[Records from a data source]
#####
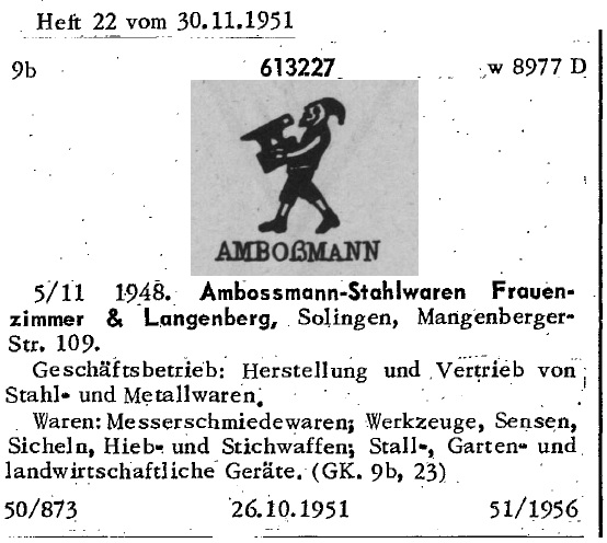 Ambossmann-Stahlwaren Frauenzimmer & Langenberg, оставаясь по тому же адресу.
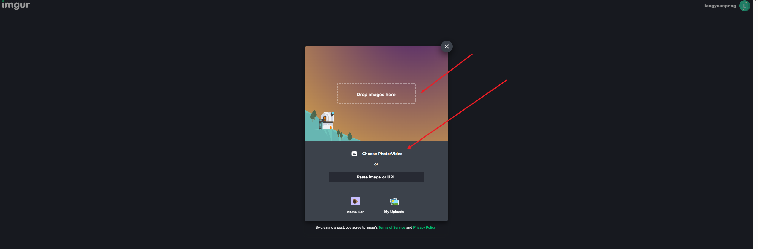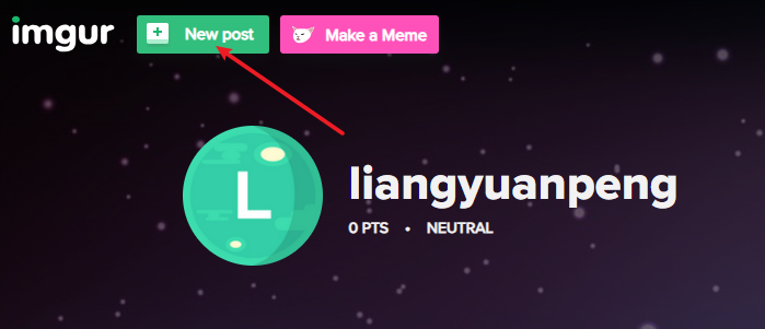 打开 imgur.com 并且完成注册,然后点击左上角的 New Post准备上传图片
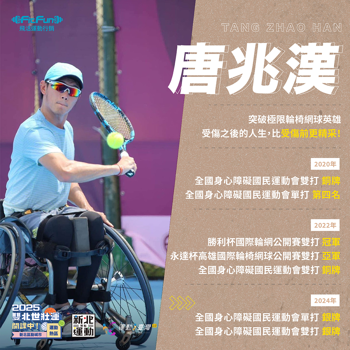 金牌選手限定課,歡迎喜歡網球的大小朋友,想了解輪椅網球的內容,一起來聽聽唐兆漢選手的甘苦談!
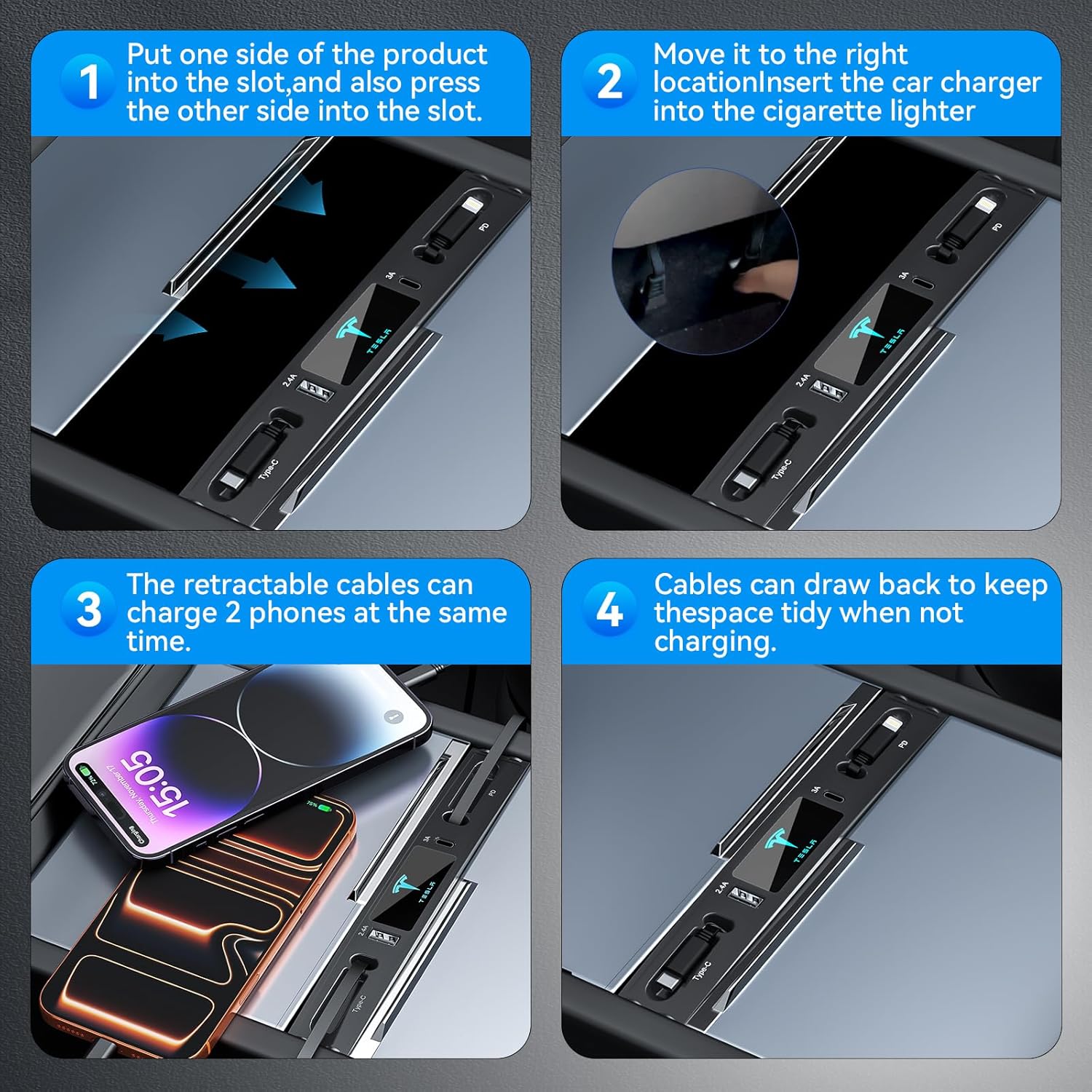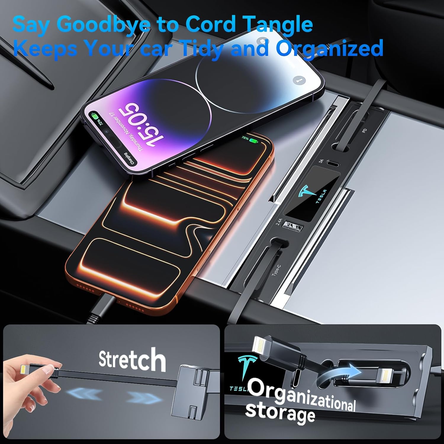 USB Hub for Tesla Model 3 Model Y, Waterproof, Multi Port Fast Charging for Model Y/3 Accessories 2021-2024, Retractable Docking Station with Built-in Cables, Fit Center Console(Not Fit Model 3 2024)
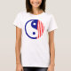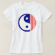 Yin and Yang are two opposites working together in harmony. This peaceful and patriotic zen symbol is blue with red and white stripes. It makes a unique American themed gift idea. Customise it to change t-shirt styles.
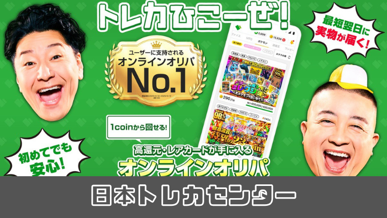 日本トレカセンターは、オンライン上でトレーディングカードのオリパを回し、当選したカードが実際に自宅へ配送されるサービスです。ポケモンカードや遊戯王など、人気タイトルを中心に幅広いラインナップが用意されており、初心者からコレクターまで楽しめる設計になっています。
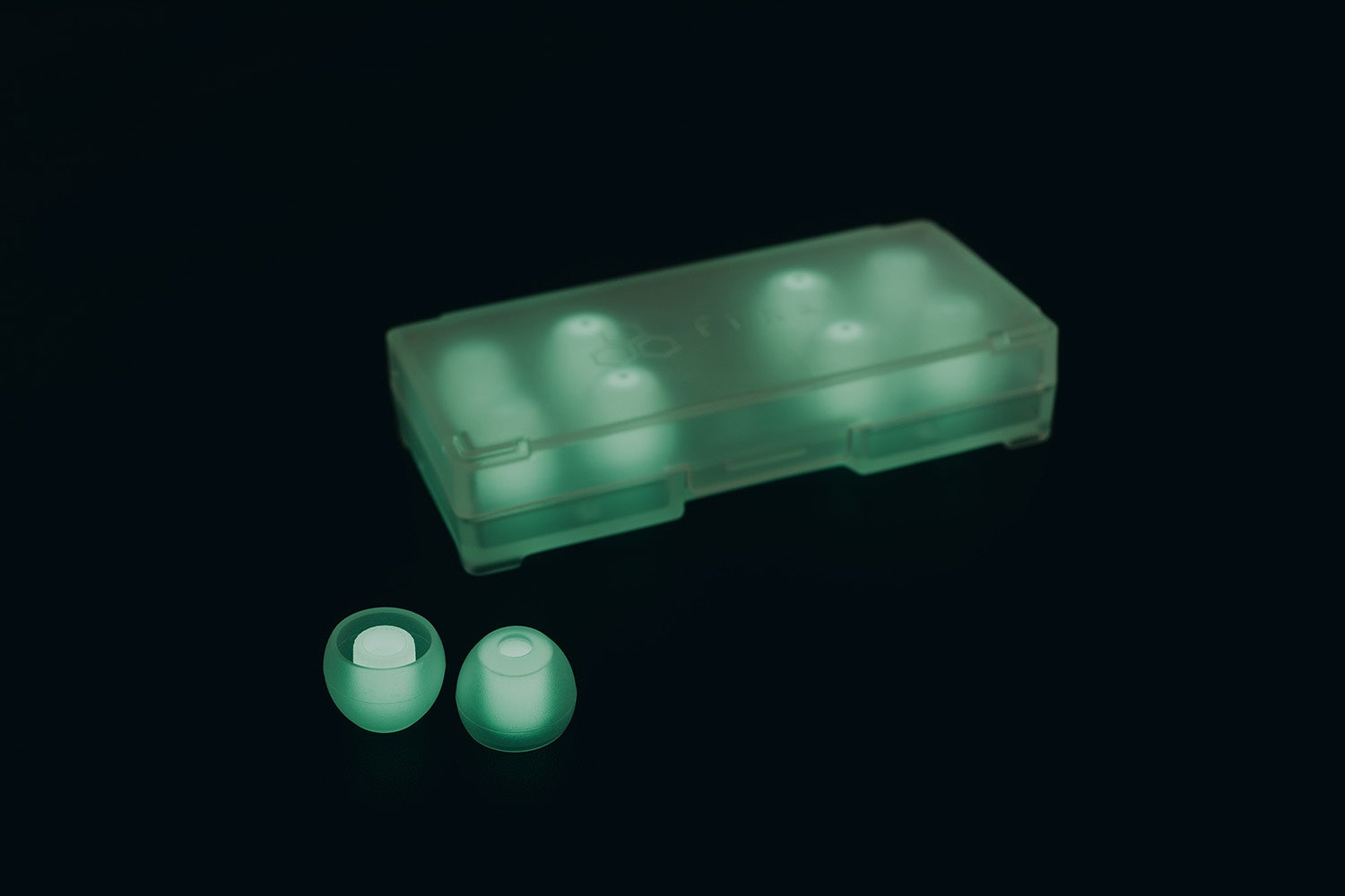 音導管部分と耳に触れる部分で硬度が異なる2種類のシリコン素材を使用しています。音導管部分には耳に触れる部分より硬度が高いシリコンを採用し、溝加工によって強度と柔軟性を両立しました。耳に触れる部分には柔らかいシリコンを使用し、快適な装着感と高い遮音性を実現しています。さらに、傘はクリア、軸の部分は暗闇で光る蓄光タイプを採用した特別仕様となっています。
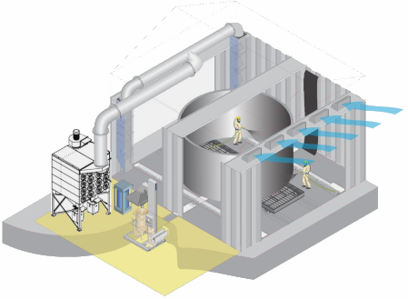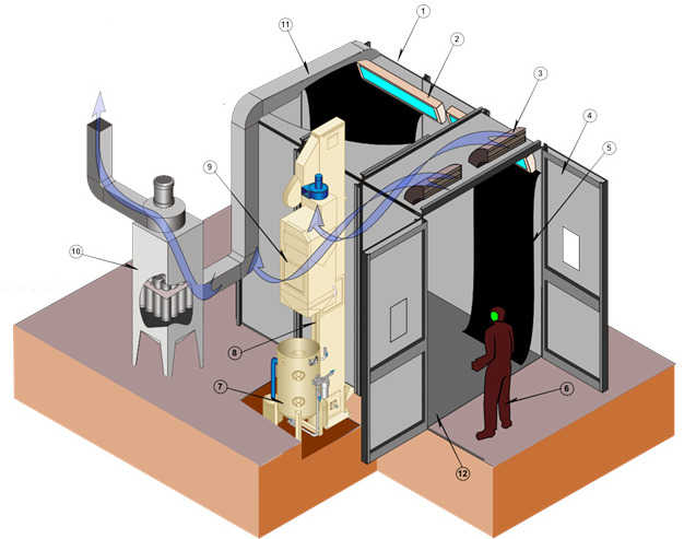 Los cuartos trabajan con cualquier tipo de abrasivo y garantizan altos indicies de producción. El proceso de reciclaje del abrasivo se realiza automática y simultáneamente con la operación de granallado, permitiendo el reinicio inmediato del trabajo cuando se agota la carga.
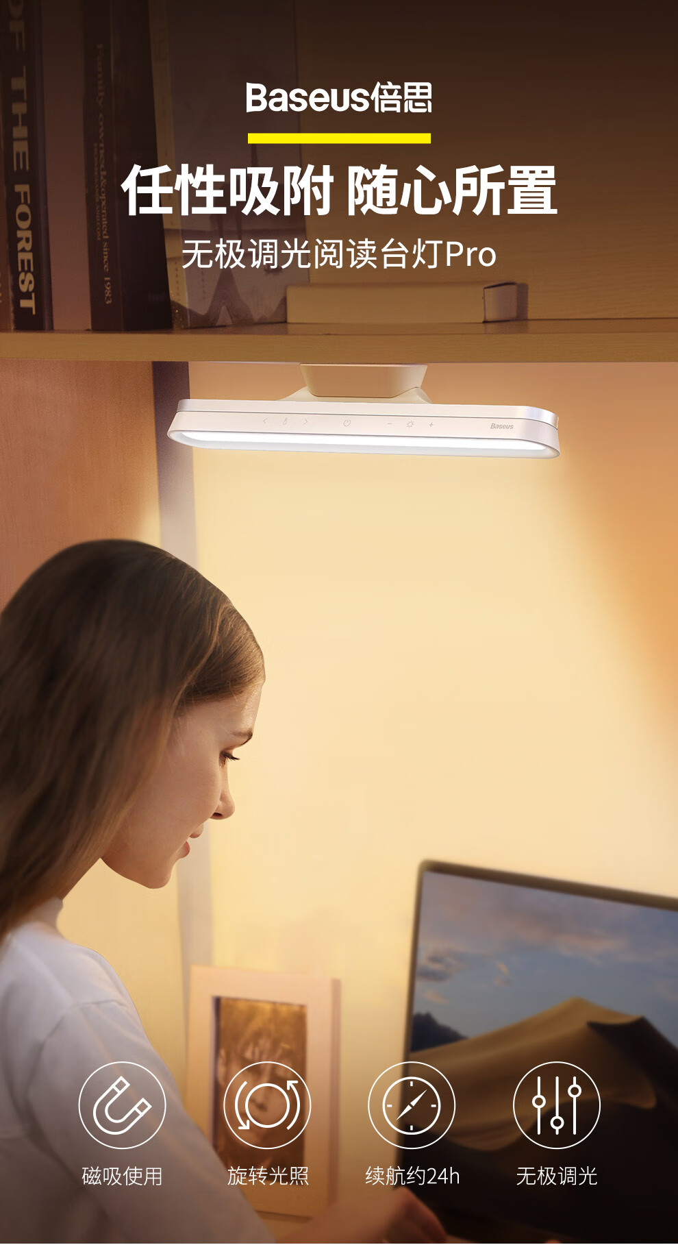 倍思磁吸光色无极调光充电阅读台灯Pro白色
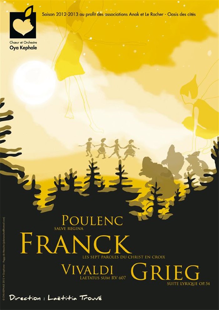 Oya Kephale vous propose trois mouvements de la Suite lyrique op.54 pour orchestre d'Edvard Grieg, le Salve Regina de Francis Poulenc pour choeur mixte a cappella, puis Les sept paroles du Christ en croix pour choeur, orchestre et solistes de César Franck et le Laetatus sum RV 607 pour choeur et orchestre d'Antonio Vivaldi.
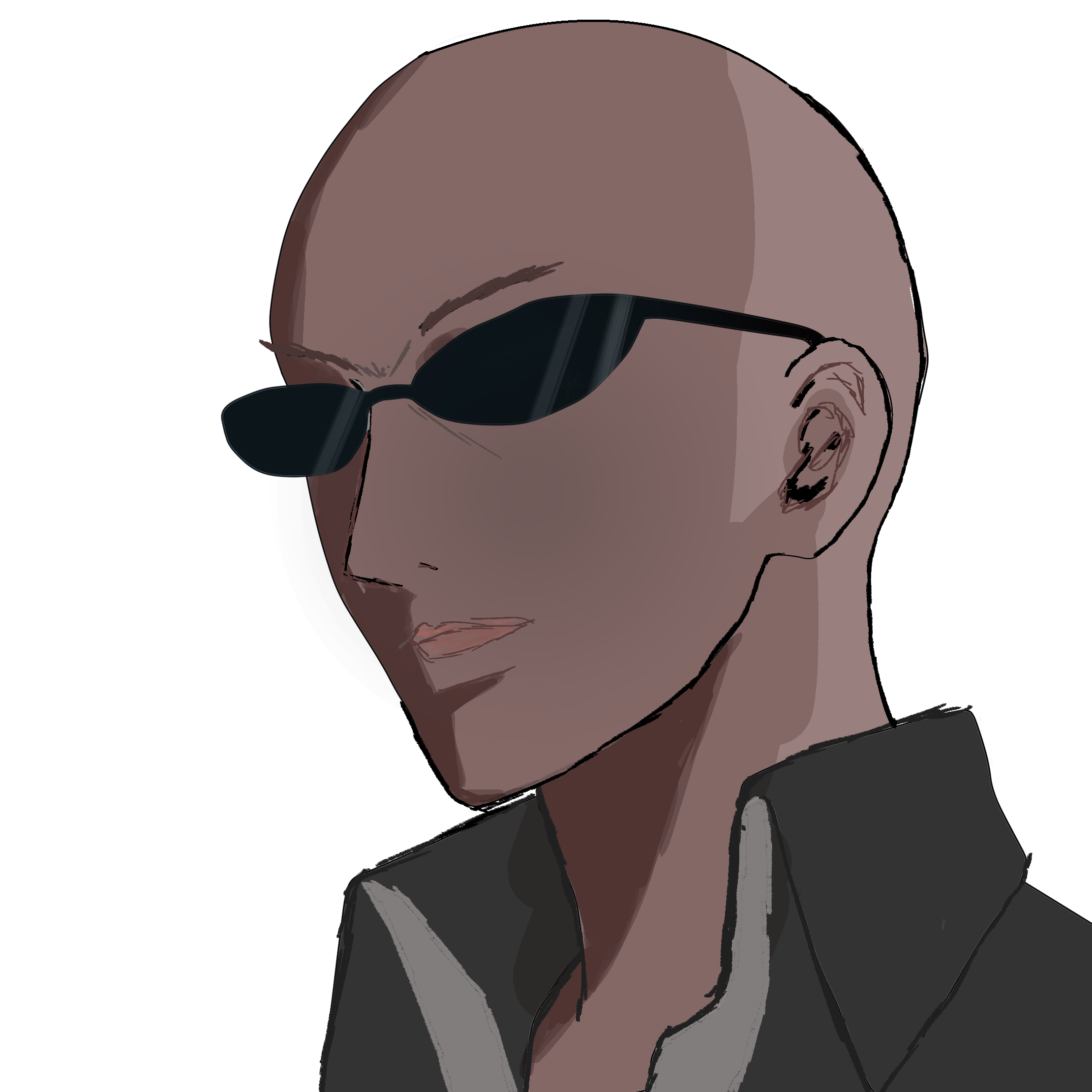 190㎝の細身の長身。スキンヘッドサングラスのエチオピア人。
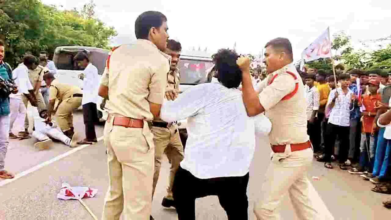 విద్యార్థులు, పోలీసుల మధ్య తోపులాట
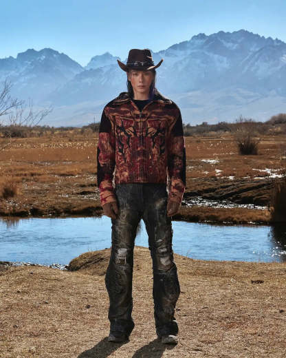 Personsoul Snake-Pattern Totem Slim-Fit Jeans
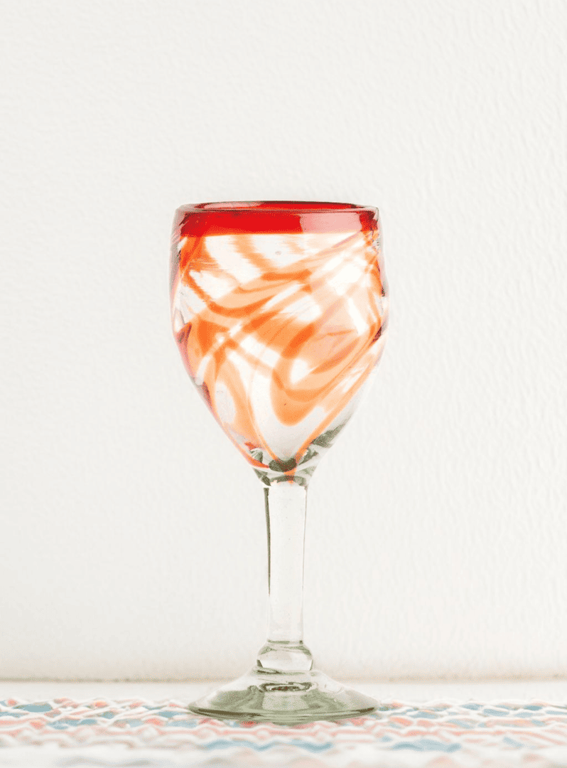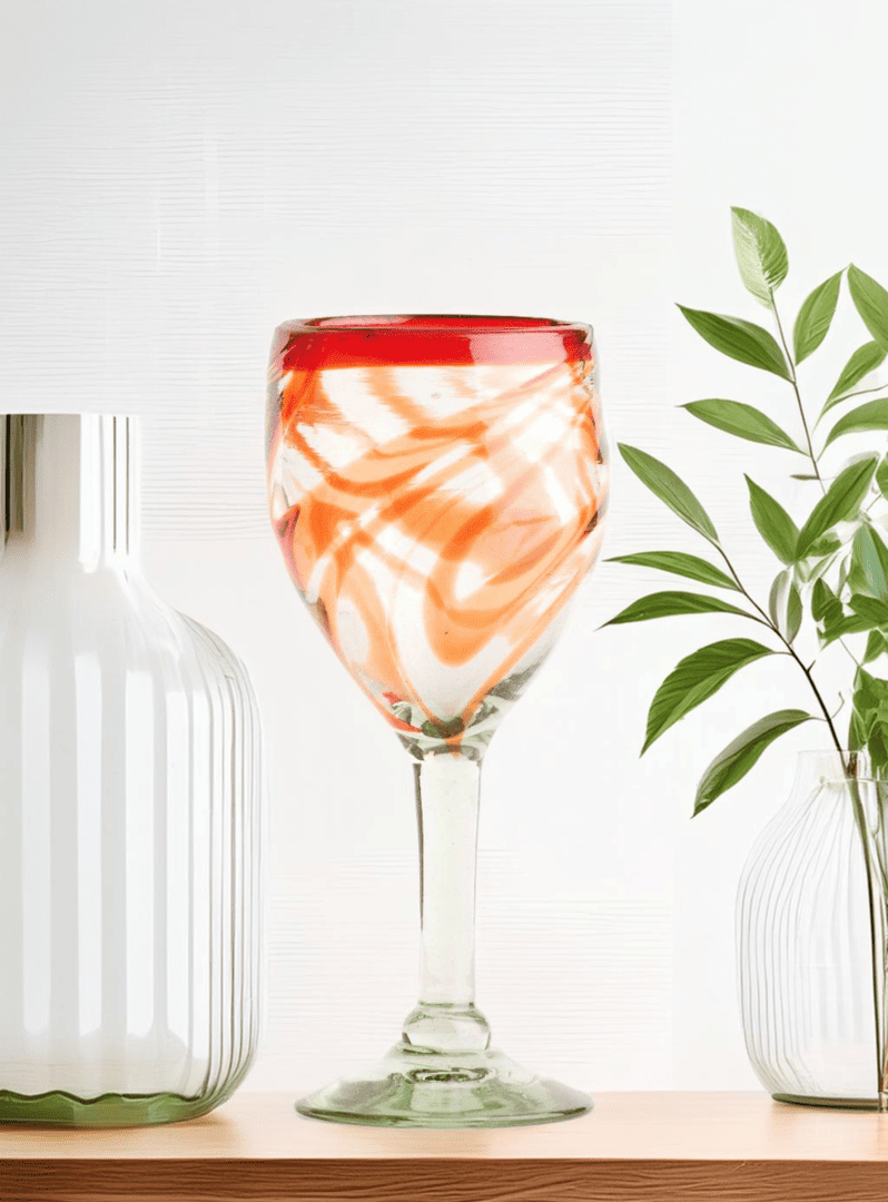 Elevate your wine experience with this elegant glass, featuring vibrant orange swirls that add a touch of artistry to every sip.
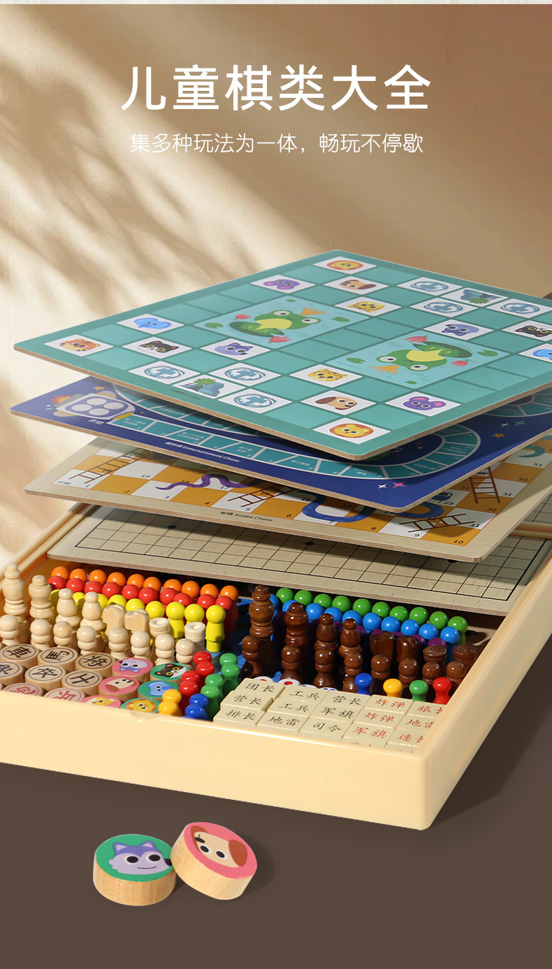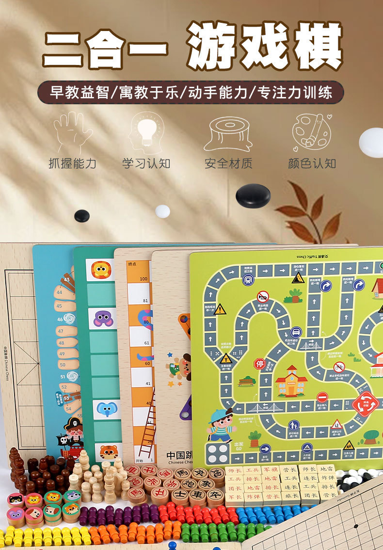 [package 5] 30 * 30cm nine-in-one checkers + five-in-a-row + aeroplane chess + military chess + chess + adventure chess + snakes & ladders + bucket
#####
* TASK INSTRUCTIONS
Exact copies of the lines from the one containing "190㎝の細身の長身。スキンヘッドサングラスのエチオピア人。" through the end of the records above are required, with no pictures among them.

* RESPONSE TO THIS TASK
 190㎝の細身の長身。スキンヘッドサングラスのエチオピア人。
 విద్యార్థులు, పోలీసుల మధ్య తోపులాట
 Personsoul Snake-Pattern Totem Slim-Fit Jeans
 Elevate your wine experience with this elegant glass, featuring vibrant orange swirls that add a touch of artistry to every sip.
 [package 5] 30 * 30cm nine-in-one checkers + five-in-a-row + aeroplane chess + military chess + chess + adventure chess + snakes & ladders + bucket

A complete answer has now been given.